We continued to steer W.S.W. at the rate of four miles and an half an hour, till ten o’clock at night, when we had forty-two fathom, at eleven we had thirty-seven, at twelve forty-five, at one in the morning forty-nine, and at three 120, after which we had no ground. At day-light, we made all the sail we could, and at ten o’clock, saw land, extending from N. N.W. to W. by N. distant between five and six leagues: at noon, it bore from N. to W. and at about the same distance: it appeared to be level, and of a moderate height: by our distance from New Guinea, it ought to have been part of the Arrou Islands, but it lies a degree farther to the south than any of these islands are laid down in the charts; and by the latitude should be Timor Laoet: we sounded, but had no ground with fifty fathom.

As I was not able to satisfy myself from any chart, what land it was that I saw to leeward, and fearing that it might trend away more southerly, the weather also being so hazy that we could not see far, I steered S.W. and by four had lost sight of the island. I was now sure that no part of it lay to the southward of 8° 15’ S. and continued standing to the S.W. with an easy sail, and a fresh breeze at S.E. by E. and E.S.E.: we sounded every hour, but had no bottom with 120 fathom.

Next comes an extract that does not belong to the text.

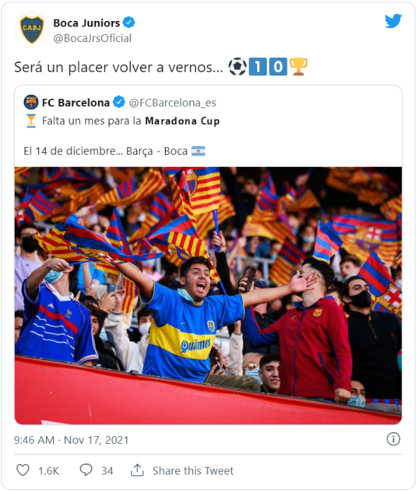 El 14 de noviembre, a falta de un mes para el compromiso, el club catalán sacó un tuit palpitando el enfrentamiento entre ambos. “Falta un mes para la Maradona Cup. El 14 de diciembre… Barça – Boca”, había escrito el equipo de Agüero en redes.

At day-break in the morning, we steered W.S.W. and afterwards W. by S. which by noon brought us into the latitude of 9° 30’ S. longitude 229° 34’ W. and by our run from New Guinea, we ought to have been within sight of Weasel Isles, which in the charts are laid down at the distance of twenty or twenty-five leagues from the coast of New Holland; we however saw nothing, and therefore they must have been placed erroneously; nor can this be thought strange, when it is considered that not only these islands, but the coast which bounds this sea, have been discovered and explored by different people, and at different times, and the charts upon which they are delineated, put together by others, perhaps at the distance of more than a century after the discoveries had been made; not to mention that the discoverers themselves had not all the requisites for keeping an accurate journal, of which those of the present age are possessed.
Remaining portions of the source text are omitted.